愛し紅蓮の瞳
誰ひとり知っている人がいないこの世界で、私のことを心から心配してくれている楓さんの存在は
何よりも大きくて、心強くて、温かくて……。


私はこの先、楓さんにどう恩返しをしていこう。
もし、光蓮様が許してくれるのなら、東雲家に仕え、一生懸命働くことを誓おう。



いつか私の住む世界に戻って、お父さんやお母さん、知紘に会えると信じて。
今は……今を受け止めて、楓さんに恩返しするためにも一生懸命頑張るって私、たった今決めた。

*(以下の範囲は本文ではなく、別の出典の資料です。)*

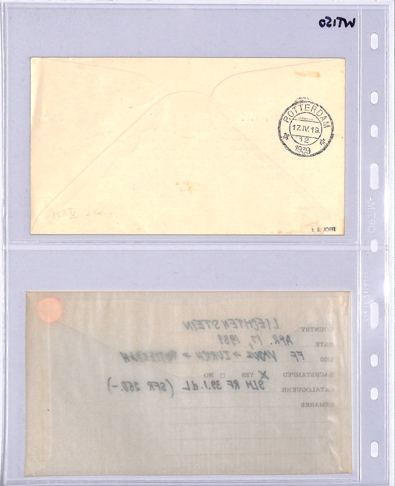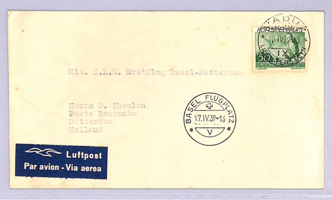 LIECHTENSTEIN Air Mail Cover KLM FIRST FLIGHT NETHERLANDS Amsterdam Zurich Switzerland 1939 WT150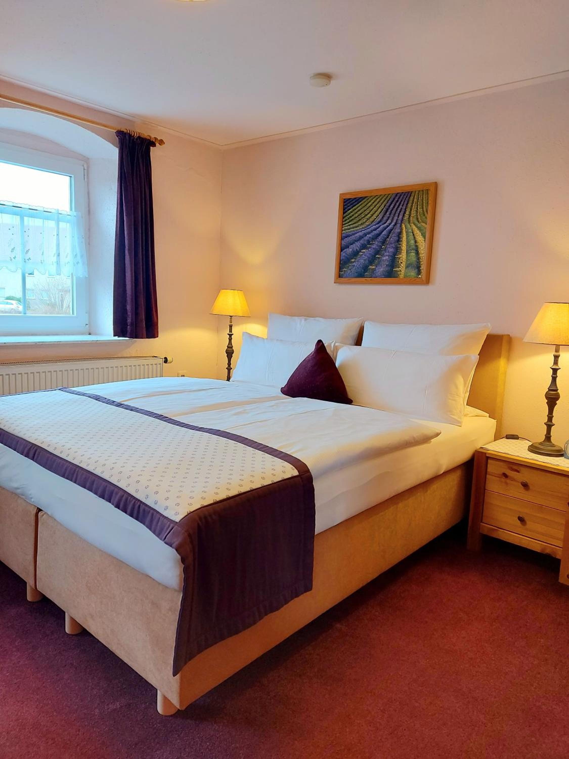 Kostenloser Parkplatz vorhanden, Frühstück wird angeboten, Restaurant vorhanden, das Essen war auch gut. Das Bett sehr bequem.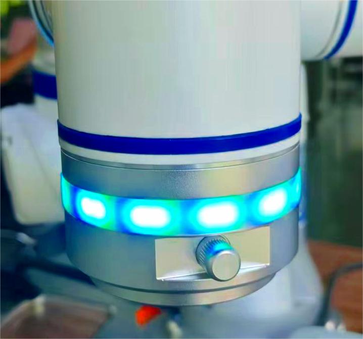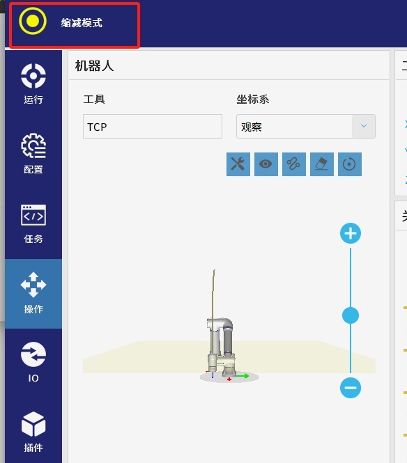 4. 如果机械臂进入缩减模式,右上角会变成黄色指示按钮,机械臂末端法兰指示灯会变为绿蓝交替灯状态。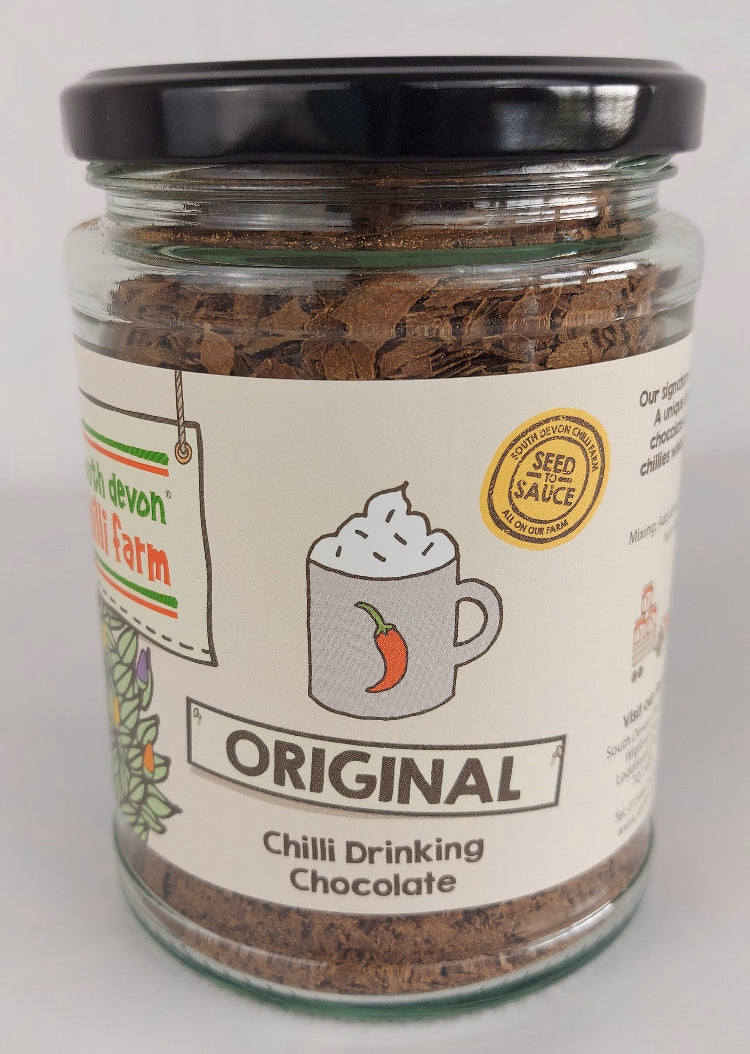 Our drinking chocolate is made purely of 55.5% cocoa chocolate combined with our Devon chilies, grated into chunky flakes.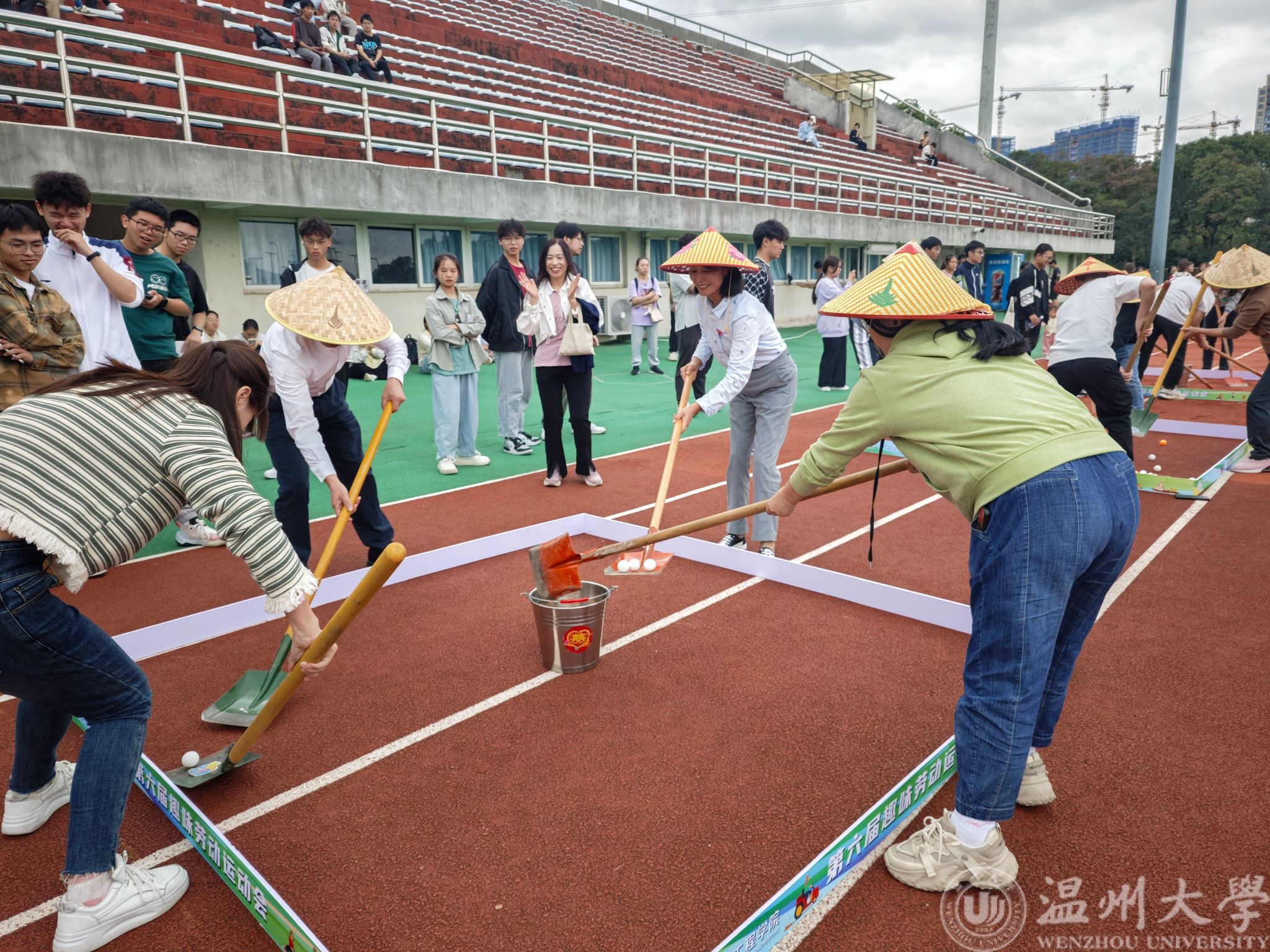 整地大比拼中,“责任田”里的乒乓球要被四位师生快速送入桶中,这个环节主要比拼灵活性和配合度,快速完成的队伍,高高举起双手,展现出胜利者的骄傲。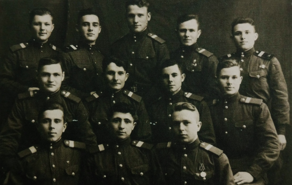 Здесь герой снимка рядовой. Курсанты также участвовали в учениях по химзащите, так как враг обладал запасами отравляющих веществ и мог их применить в любой момент, как во время Первой мировой войны. На такой случай бойцам выдавался противогаз, их обучали правилам пользования средствами химической защиты, дегазации местности и маскировке дымом. На одном из фото он на учениях по химзащите: пятеро в противогазах, а один без. Трудно определить, где на ней Иван.

「この子は、蘭は何一つ知らないのです。聖様のことはもちろん、東雲家や東里家が何なのか、ここが東州の深森であることすら……しかし、南梨の間者ではないと、南梨のことは知らぬと嘘のない澄んだ目でハッキリと口にしました。私はそれを、信じております」


「……なるほど。それは不思議な話だ。この辺りで東雲家をを知らない者はいないとばかり思っていたが……蘭殿は、まるで異界から来たかのようだな」




───ドクン



異界……。
試すように口にした光蓮様の言葉に、心臓が激しく加速して、さっきまでとは違う、光蓮様の瞳の色に強く戸惑う。少なからず、私を疑っているその瞳にこの場から今すぐ逃げ出したくなった。